The U.S. Supreme Court has declined to hear a case from the Iowa Pork Producers Association against the state of California for requiring restrictions on how pork sold there is raised.
Association attorney Eldon McAfee says they thought a ruling against the National Pork Producers Council had left them an opening for this case. “Obviously we’re disappointed. We thought we had presented a good case for the court to take it up,” McAfee says.
McAffee says they believe California consumers should make their one choice to buy Iowa pork. “It comes back to our producers that we work with, by and large don’t understand how a law in California that most produces agree and others, has no scientific basis for any health effects or anything like that.
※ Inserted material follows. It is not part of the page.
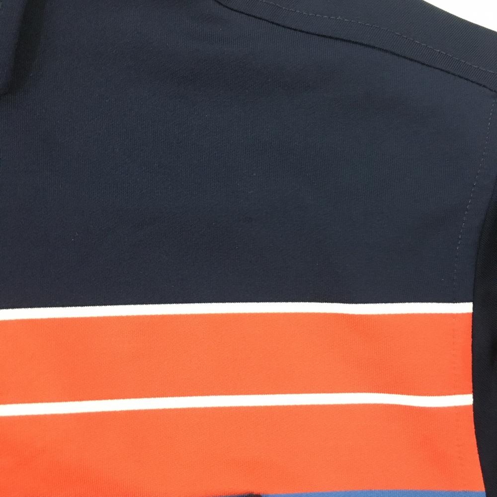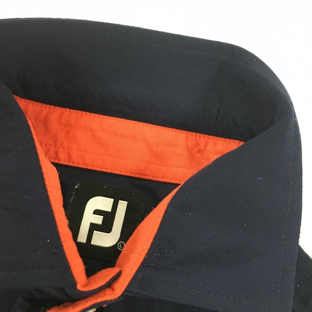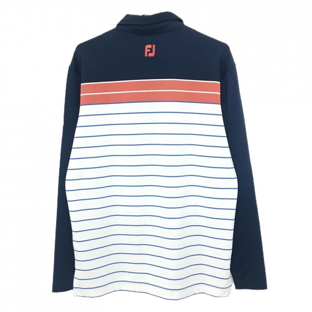フットジョイ 長袖ポロシャツ ネイビー×白 ボーダー柄 胸ポケット メンズ L ゴルフウェア FootJoy

It’s a choice of how people want animals to be raised,” he says. McAffee says there aren’t any other ways to bring the case forward in court. “It ends the legal avenue in this case, you know there always seems to be legal avenues, right? So this would be, this is the end of this case, the court has declined to take it up,” he says.
McAffee says the next step will likely have to come from lawmakers. “Because because this is Interstate commerce, we believe the best option in moving forward, as the courts have suggested, is for federal legislation to prevent this type of law, such as California enacted,” he says. “And we’re hopeful that Congress will take a closer look at that.”
California’s law requires there be at least 12 square feet of space for gestating pigs to be able to turn around. It blocks any pork not raised in those conditions from being sold in California.